= What you will do =
Would you please repeat exactly the entries below, starting at the line with "[È£³²¸ÅÀÏ´º½º] À̿뼷 ±¤ÁÖ±¤¿ª½ÃÀåÀÌ" and ending at the line with "6. 은행별 영어 명과 SWIFT 코드는 아래를 참조하시면 됩니다.", and nothing outside that range? Leave out the pictures.

= Stored data =
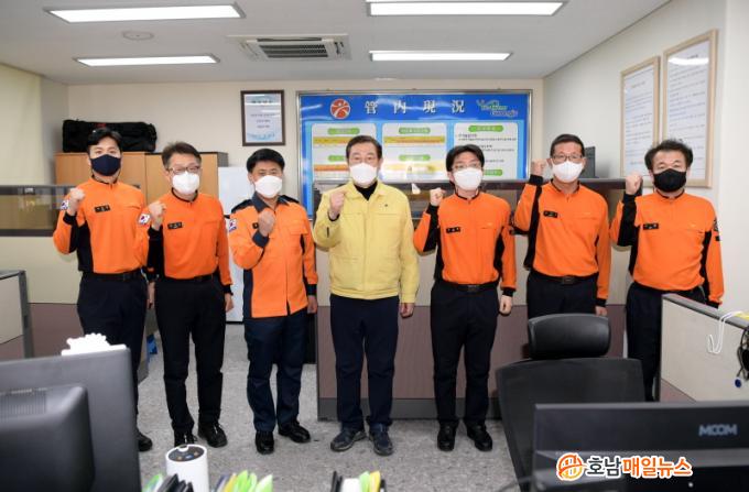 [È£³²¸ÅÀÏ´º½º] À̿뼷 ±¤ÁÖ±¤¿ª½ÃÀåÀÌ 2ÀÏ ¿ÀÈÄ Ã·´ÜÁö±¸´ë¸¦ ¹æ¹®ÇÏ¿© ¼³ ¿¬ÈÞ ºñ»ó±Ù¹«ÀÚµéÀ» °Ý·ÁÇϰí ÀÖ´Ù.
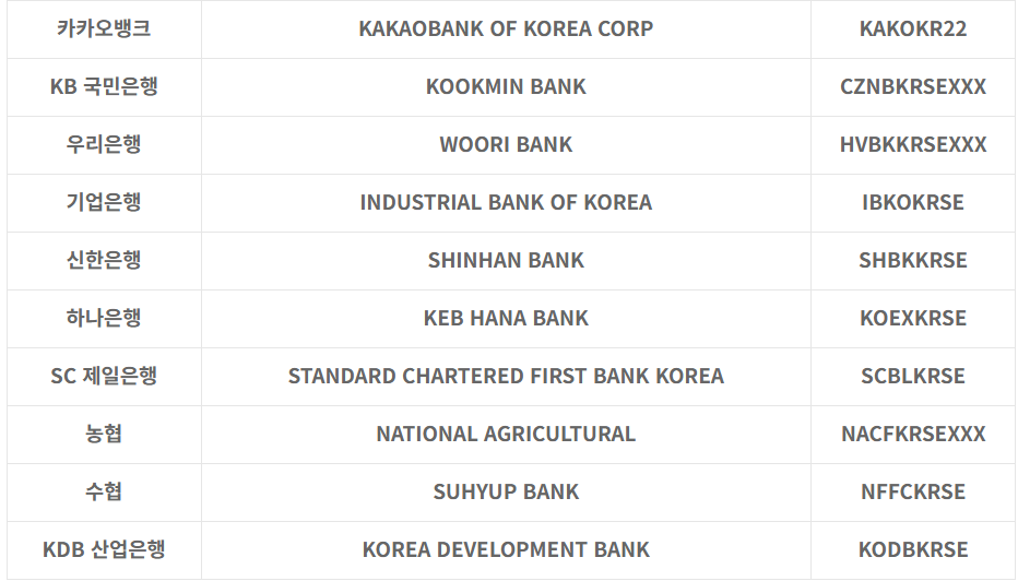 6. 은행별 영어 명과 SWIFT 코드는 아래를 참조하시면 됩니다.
--
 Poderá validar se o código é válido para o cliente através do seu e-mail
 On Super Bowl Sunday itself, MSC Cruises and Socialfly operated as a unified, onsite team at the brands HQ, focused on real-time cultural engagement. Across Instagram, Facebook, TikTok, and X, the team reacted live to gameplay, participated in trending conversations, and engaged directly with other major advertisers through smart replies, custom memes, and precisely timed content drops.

= Solution below =
 [È£³²¸ÅÀÏ´º½º] À̿뼷 ±¤ÁÖ±¤¿ª½ÃÀåÀÌ 2ÀÏ ¿ÀÈÄ Ã·´ÜÁö±¸´ë¸¦ ¹æ¹®ÇÏ¿© ¼³ ¿¬ÈÞ ºñ»ó±Ù¹«ÀÚµéÀ» °Ý·ÁÇϰí ÀÖ´Ù.
 6. 은행별 영어 명과 SWIFT 코드는 아래를 참조하시면 됩니다.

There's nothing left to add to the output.